I am having problem understanding this topic of P and NP reductions. I understand that if language L1 can be reduced to Language L2 in linear time and L2 is in P, this implies that L1 is in P. But if we know L2 has a time complexity of lets say theta(n log n), can we say that L1 runs in O(n log n)? since the reduction from L1 to L2 is in linear time and L2 runs in theta(n log n) and so it will be O(n) + theta(n log n). And also lets say L2 can be also linearly reduced to L3, we can say L3 runs in omega(n log n)?
tl;dr: Yes. And yes in case you mean big Omega.
The first part is correct: If you can decide L2 in Theta((n*log(n))) which implies it can be done in O(n*log(n)) and you can reduce L1 to L2 in O(n), then you can also decide for L1 in O(n*log(n)) with exactly the argument you made. (Note: this does not mean, that you can't possibly decide L1 in less than this - there might be an algorithm to solve L1 in O(n). It's only an upper bound...)
However, the second part is not correct. If you can reduce L2 to L3, then you can say nothing about L3s running time not matter what the running time of the reduction from L2 to L3 is. (Update: this only shows that L3 might be harder, not more) L3 might be a very hard problem, like SAT for instance.

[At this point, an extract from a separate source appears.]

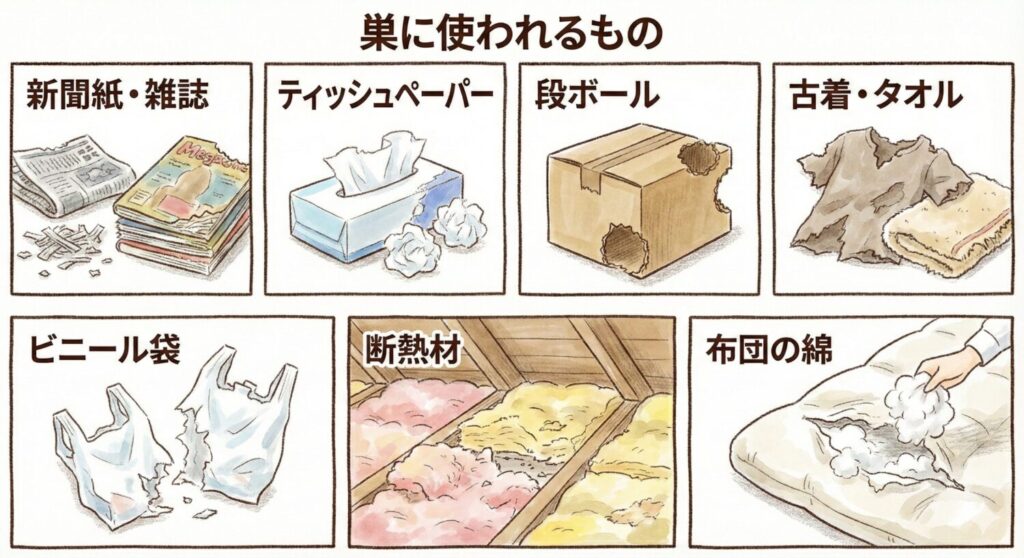 ネズミは巣作りのために様々なものを利用します。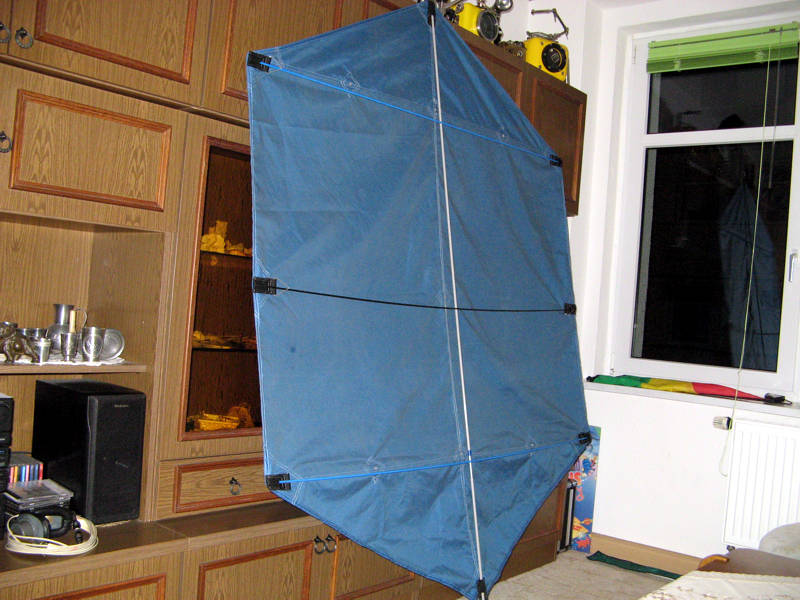 Der Rokkaku aus Ballonstoff fertig genäht (90g/m) und aufgespannt. Höhe = 208cm, Breite = 155cm entspricht ca. 3,2qm. |

It then is very likely that you can reduce L2 to it, i.e. that you can solve L2 with 'rephrasing' (a reduction) the problem + a SAT-solver - still SAT is NP-complete.
DISCLAIMER: as noted in the comments by DavidRicherby the second part of my answer is wrong as it stands - @ uchman21 you were right, L3 has to be in Omega(n*log(n)) (note the upper case!):
If we know the complexity of L2 is Theata(n*log(n)) (upper and lower bounds, O(n*log(n)) and Omega(n*log(n))) and we can reduce L2 to L3 in time O(n), then L3 is at least as hard as L2 - because we know there is no algorithm which can solve the problem L2 faster than Omega(n*log(n)). However, if L3 was faster, that is in o(n*log(n)), then the algorithm 'reduction+solve_L3' runs in O(n)+o(n*log(n)) which still is in o(n*log(n)) and it solves L2 - contradiction. Hence, L3 has to be in Omega(n*log(n)).